Né l’indennizzo previsto dall’articolo 36 risulta precluso alla luce del fatto che la prestazione lavorativa era stata svolta senza che fosse stato stipulato un contratto scritto tra le parti, in quanto ad avviso della Cassazione il risarcimento previsto dalla norma del Testo Unico si aggiunge alla tutela offerta dall’articolo 2126 del Codice civile sulla retribuzione delle prestazioni di fatto svolte dal lavoratore.

Il caso
Il caso sottoposto alla Corte era relativo al rapporto di lavoro intercorso per 18 mesi tra un Ordine territoriale degli avvocati e una lavoratrice assunta, ma senza formalizzazione per iscritto del contratto, in sostituzione di un dipendente assente con diritto alla conservazione del posto.

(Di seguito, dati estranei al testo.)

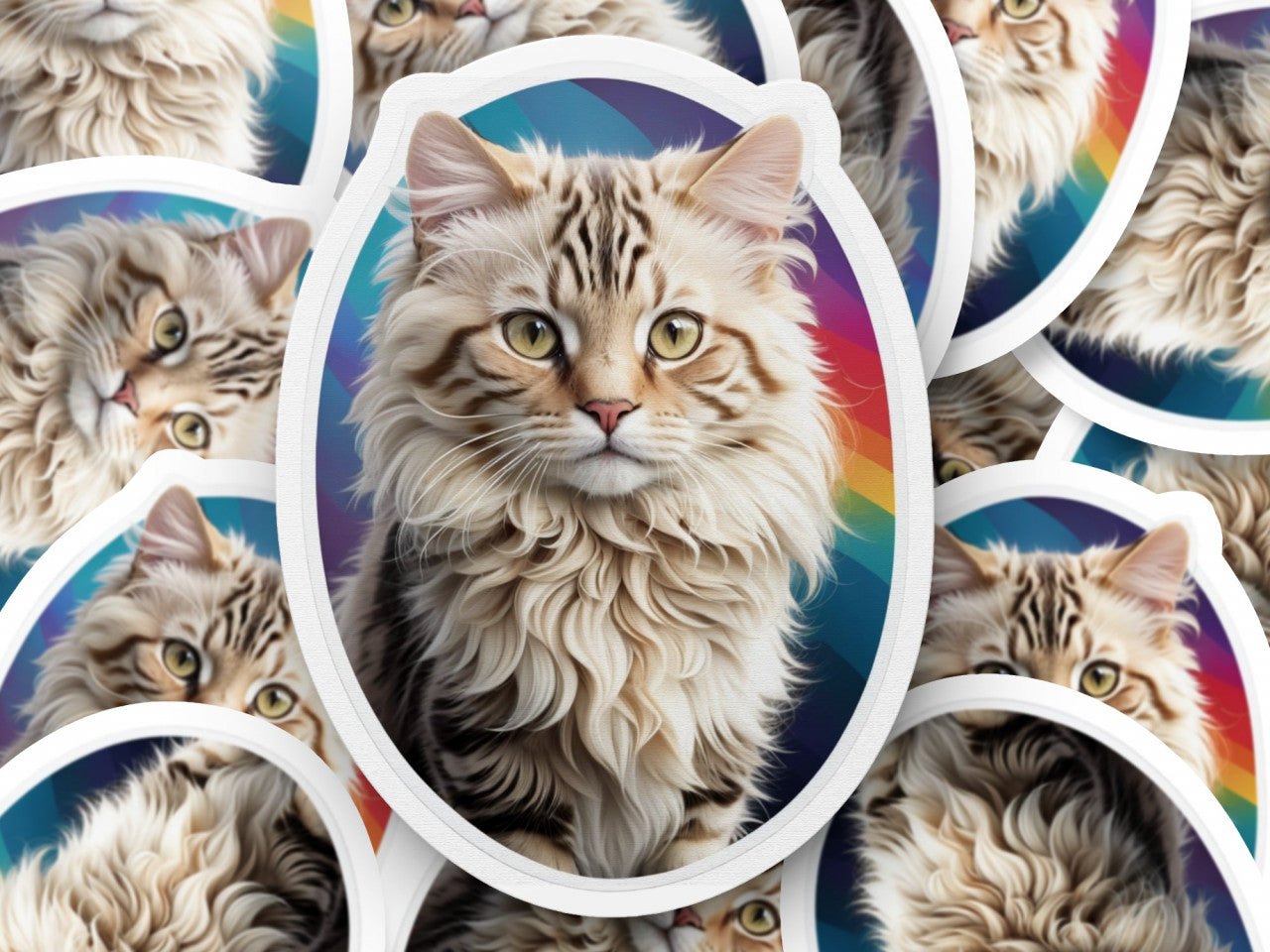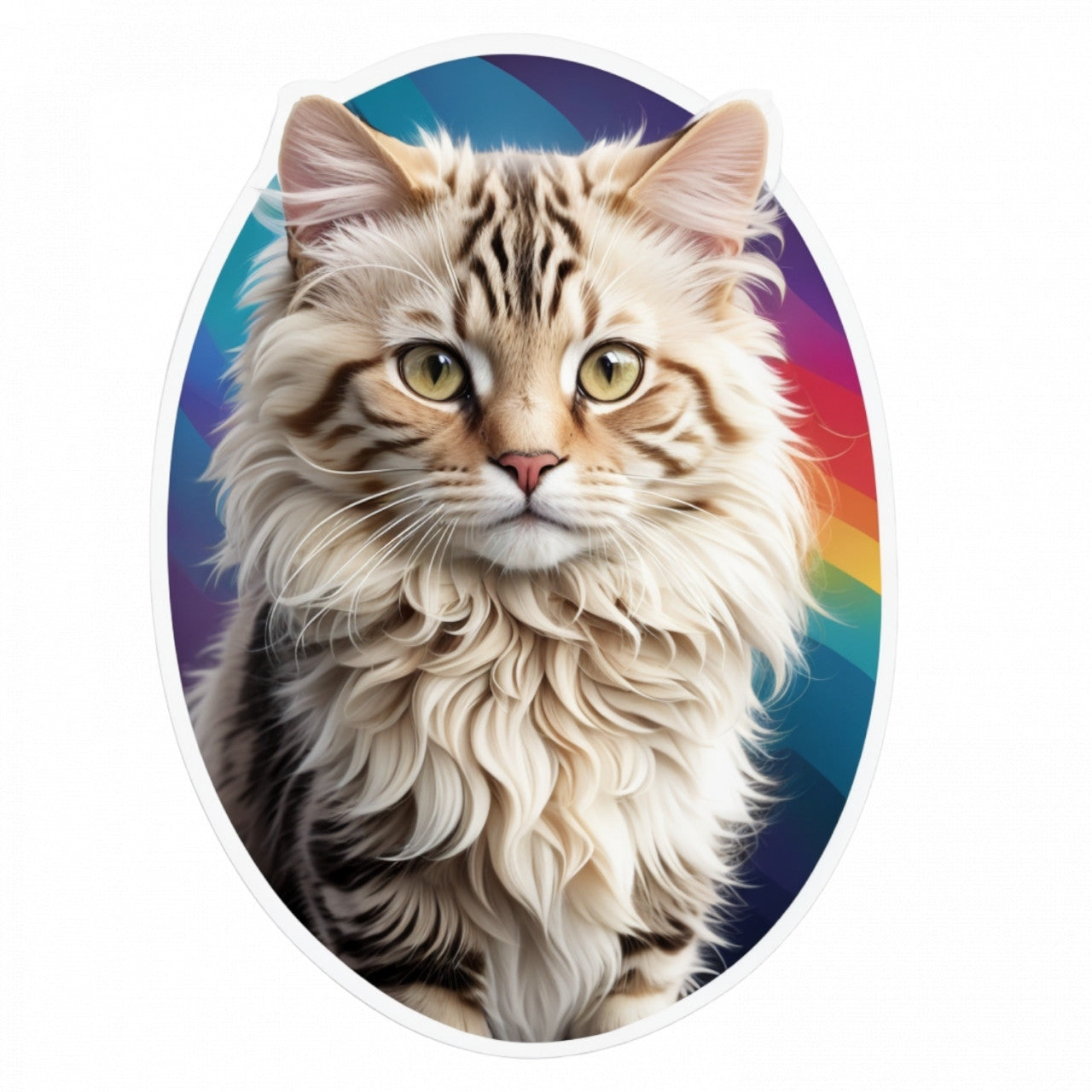 Set 3 bucati, Sticker decorativ, Pisica American Curl cu mustati lungi, Rezistent la apa, NO202, 6 cm, Multicolor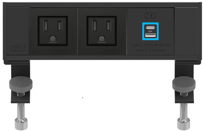 Flexi 2xUSA socket 1xUSB A+C PD35W charger, Black fascias & end caps, Black body, 6.5ft integrated cable with USA plug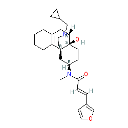 | SMILES | CN(C(=O)/C=C/c1ccoc1)[C@@H]1CC[C@@]2(O)[C@H]3CC4=C(CCCC4)[C@@]2(CCN3CC2CC2)C1 |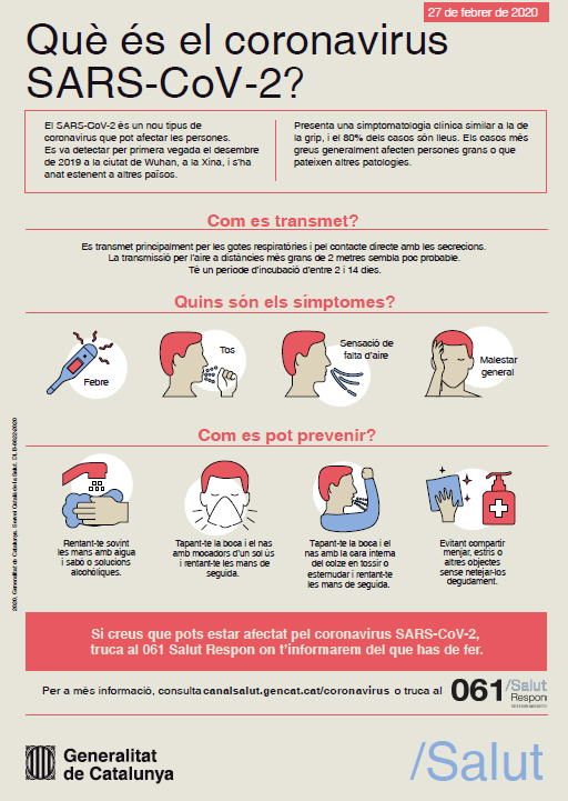Us deixem amb materials que ha produït el Departament de Salut en relació al coronavirus per tal de donar, de forma molt didàctica, informació sobre aquest virus i consells sobre com evitar-ne el contagi.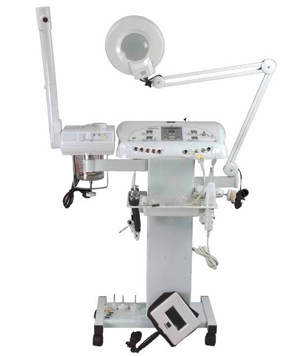 The 11 in 1 Skin Care System multi-function electrical unit is a must for effective, focused facial and body treatments. The variable functions of the unit can be used to address specific concerns including exfoliation, wrinkle management, hydration, collagen/ elastin stimulation, and firming. Classic, non-invasive esthetic equipment for measurable results! The functions included with this machine are the Vacuum, Brush, Spray, Steamer, Galvanic, High Frequency, Mag Lamp and Wood’s Lamp. This unit is perfect for any professional! Features: 10 in 1 Professional Skin Care Machine A Must for effective, focused facial and body treatments Wheels make this unit easy to move around any Treatment Room Functions Include: Vacuum, Brush, Spray, Steamer, Galvanic, High Frequency, Mag Lamp, and Wood’s Lamp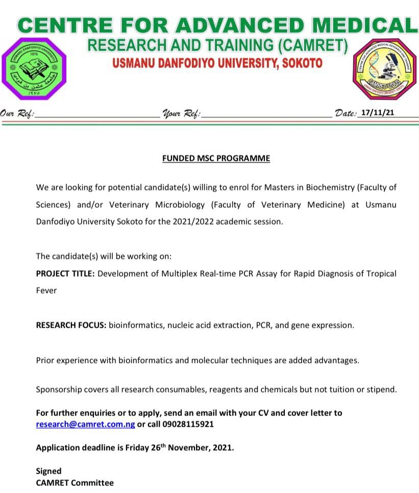 We are looking for potential candidate(s) willing to enroll for M.Sc. and/or Ph.D. in Biochemistry (Faculty of Chemical and Life Sciences) at Usmanu Danfodiyo University Sokoto for the 2022/2023 ac....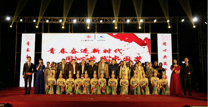 壮丽辉煌七十载,砥砺奋进新时代。为庆祝祖国70华诞,欢迎2019级新生的到来,10月11日晚7时,由经贸学院举办的“青春奋进新时代,同心共筑中国梦”——庆祝新中国成立70周年暨2019迎新文艺晚会在芳华广场盛大开幕,来自五湖四海的经贸新生汇聚一堂,以精彩的视觉盛宴向新中国成立七十周年献礼。山东管理学院党委书记冯庆禄,党委委员、副校长董以涛,党委办公室主任赵耀培,招生就业处处长原兴照,经贸学院党总支书记张连美,经贸学院院长李全海,校团委副书记代建军,经贸学院教师及2019级全体新生观看了本次晚会。
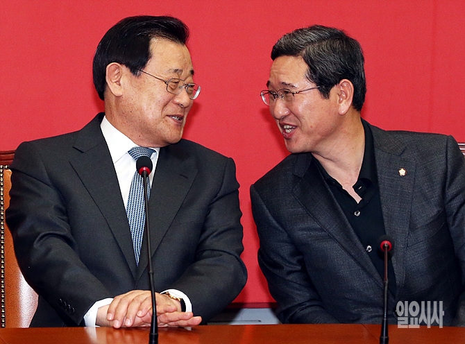 2일, 서울 여의도 국회 새누리당 당대표실을 찾은 이병기 신임 대통령실장(사진 왼쪽)이 김학용 대표 비서실장과 화기애애한 분위기로 이야기를 나누고 있다.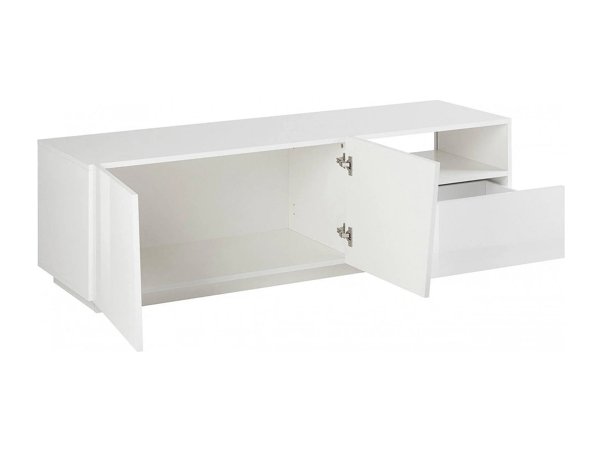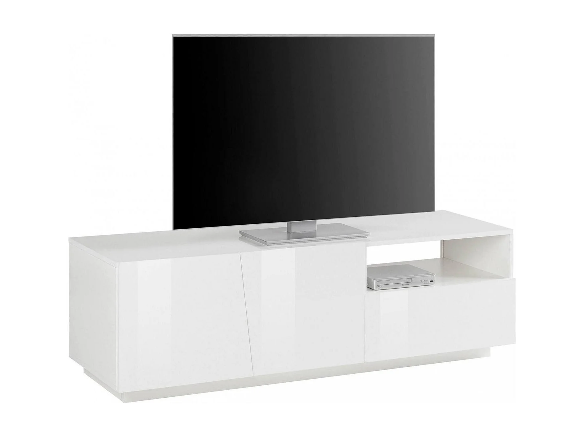 Meuble TV Dlandon, Buffet bas de salon avec 2 portes, Base pour meuble TV, 100% Made in Italy, 150x43h46 cm, Blanc brillant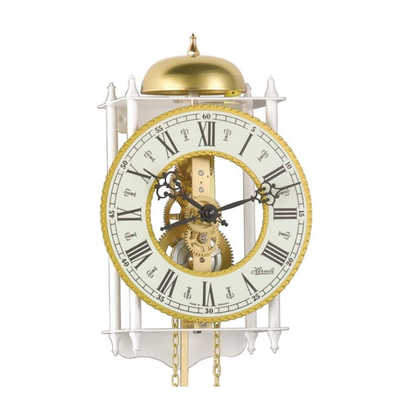 HERMLE 70733-000711 là thiết kế đồng hồ độc đáo bậc nhất đến từ thương hiệu Hermle. HERMLE 70733-000711 không phải mặt đồng hồ tròn truyền thống, cũng không phải đồng hồ vuông vắn mạnh mẽ. Cực phẩm đồng hồ đến từ Đức có hình dáng tựa như một vành đĩa lớn với phần hở nhỏ ở giữa giúp người sử dụng có thể dễ dàng chiêm ngưỡng bộ máy đồng thau màu vàng Gold sáng lấp lánh. Cách Hermle kết hợp màu sắc chưa bao giờ làm công chúng thất vọng, và HERMLE 70733-000711 chính là minh chứng đỉnh cao và cụ thể nhất. HERMLE 70733-000711 là sự kết hợp hoàn hảo giữa tông trắng, vàng Gold, đồng và đen. Tông trắng thanh lịch được bố trí hoàn hảo ở vị trí khung và mặt đồng hồ. Sắc vàng Gold sang trong được nhấn nhá ở các vị trí cực đắt của HERMLE 70733-000711 như viền ngoài, viền trong, chuông bát trên đỉnh đồng hồ.

La Corte d’appello, confermando l’esito del giudizio di primo grado, aveva dichiarato la nullità del contratto di lavoro per mancanza di forma scritta e condannato l’Ordine degli avvocati a versare, in aggiunta alla retribuzione per le prestazioni svolte, un indennizzo risarcitorio in misura pari a 6 mensilità della retribuzione.
L’Ordine degli avvocati è ricorso per Cassazione sul presupposto che in caso di contratto privo di forma scritta l’unica tutela applicabile risiede nel versamento della retribuzione per la prestazione resa in via di fatto ai sensi dell’articolo 2126 del Codice civile, laddove risulterebbe inibita la tutela prevista dall’articolo 36 del Testo Unico per essere quest’ultima inapplicabile ad un rapporto inesistente per mancanza della forma scritta.

La decisione
I giudici di legittimità bocciano questa interpretazione e ribadiscono che la tutela risarcitoria ex articolo 36 è prevista anche per i rapporti a tempo determinato costituiti in assenza di forma scritta, posto che anche in questo caso si realizza una violazione delle norme sul pubblico impiego in materia di reclutamento del personale con forme di lavoro flessibile.